THE LAVA MORPHOLOGY DATABASE (LAMDA)

Most of the inferences about the dynamics of extraterrestrial lava flows have been obtained through the interpretation of flow morphologies using terrestrial analogs, fluid models, and laboratory comparisons to constrain lava viscosity, temperature, and effusion rate. Even magma chamber and vent dimensions have been inferred from surface flow features. To date, however, morphological studies of terrestrial lava flows have predominantly focused on a single feature or on a limited subset of terrestrial flows and have employed a wide variety of methodologies. This project is an attempt to standardize this type of analysis through the creation of a terrestrial ‘lava morphology database’ (LAMDA). Once calibrated on sufficient terrestrial flows, this database will be a useful resource to the larger planetary volcanism community and increase the veracity of future interpretations based on lava flow morphology.

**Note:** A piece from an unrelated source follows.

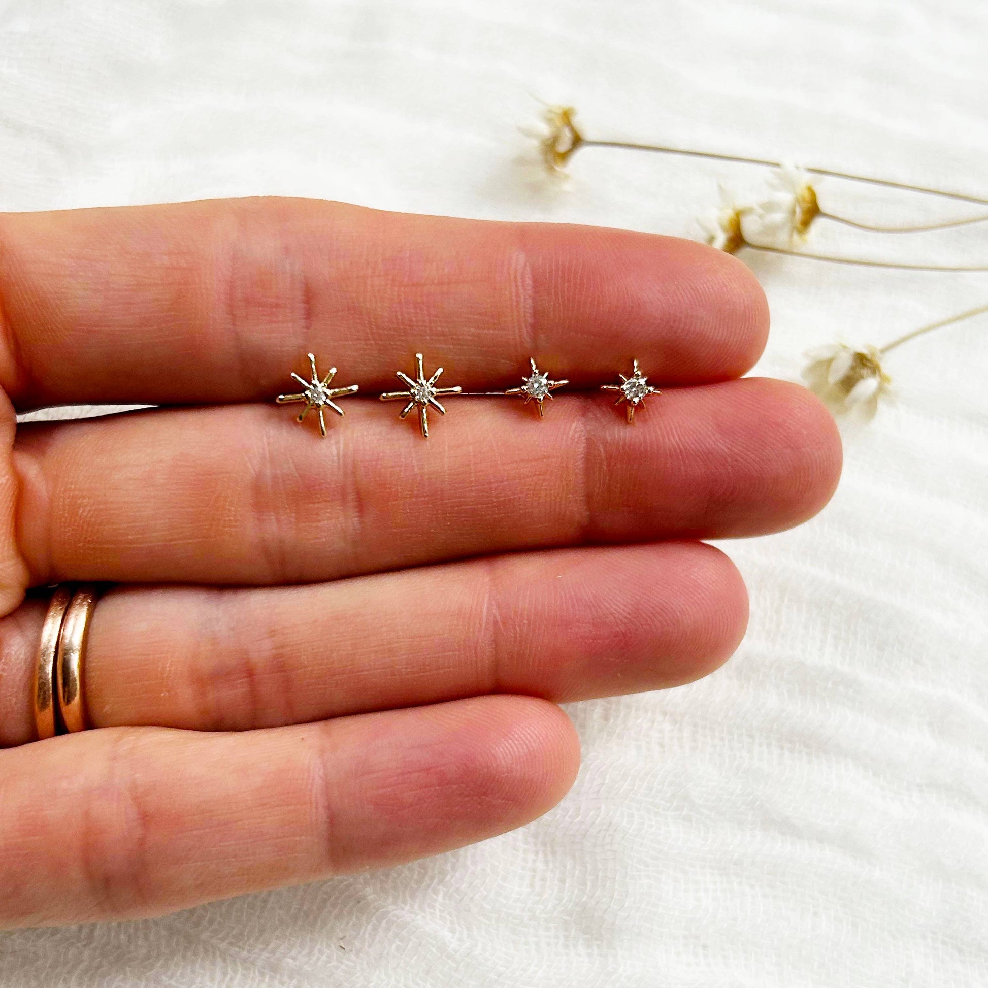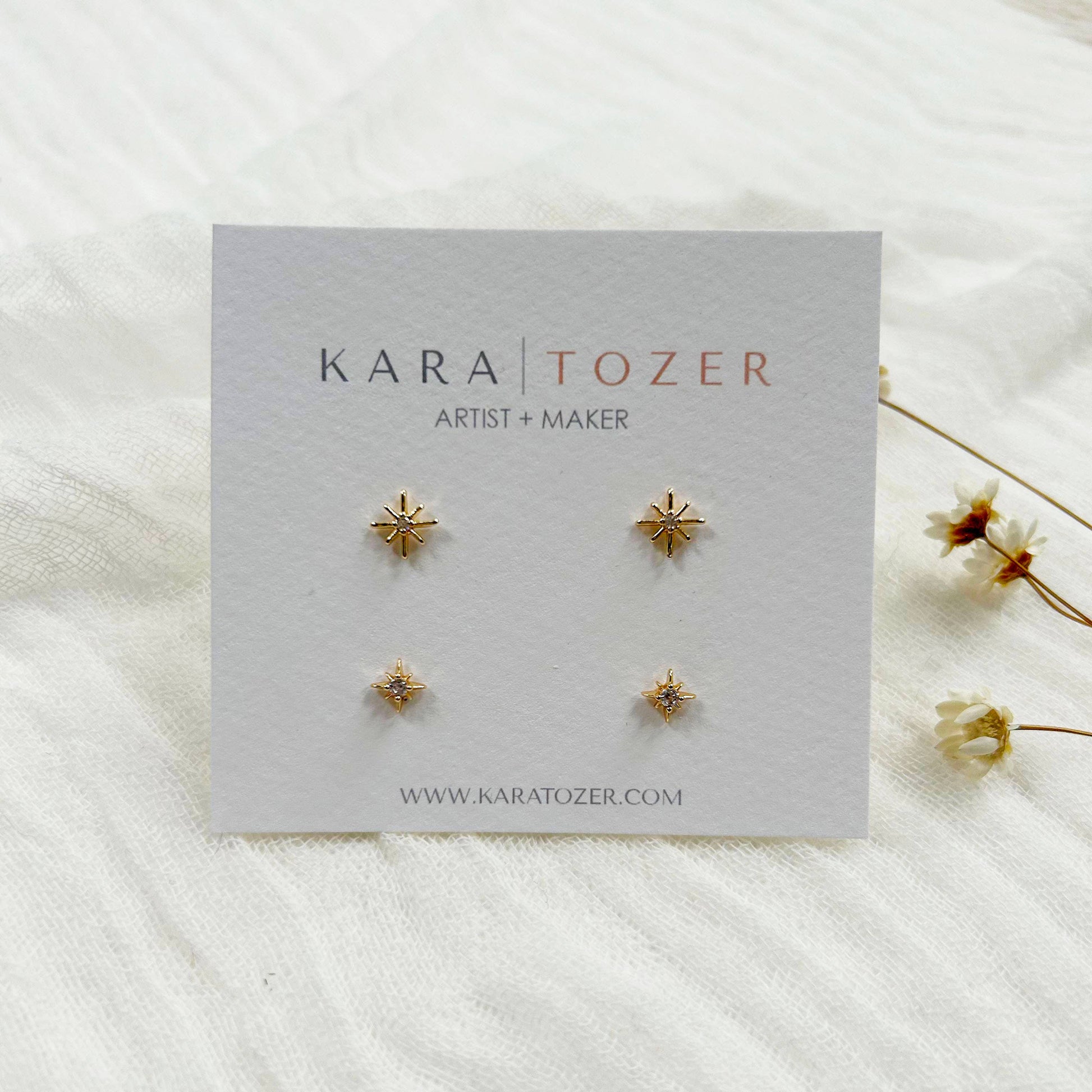 a delicate pairing of star studs for the minimalist who loves a little sparkle. crafted in gold-plated brass with cubic zirconia stones, this set is made for mixing, stacking, and gifting. made in the usa by kara tozer.

To that end, we have been measuring features visible in remotely sensed data using GIS to cross compare multiple datasets. Where visible, features measured include: vent diameter, flow distance (vent to furthest margin), surface area, aspect ratio, the radius of margin lobation curvature, height, and arc-length, flow surface ridging wavelength, local slope, etc. LAMDA’s underlying goal is to further studies that have worked to quantify the impact of slope, rheology, and effusion rate on final emplacement morphology. Proof of concept work on nine lava flows spanning the compositional range from basaltic (50% SiO₂) to rhyolitic (72% SiO₂) confirm the Wadge and Lopes (Bul. Volc, 1991) results showing that lobation size, height, and spatial density are related to each other and to flow composition through yield strength. This initial analysis also showed that flow margin lobes appeared to naturally group into a three-level hierarchy of lobation sizes (I - ~1000m, II - ~200-300m, III - ~20-70m) with only mafic compositions resulting in lobation at all levels. We will present results of the second phase of this study, a calibration dataset of 80 additional lava flows at 36 terrestrial volcanoes of similarly varied composition, as well as the results of a second field expedition to quantify LAMDA’s error margins.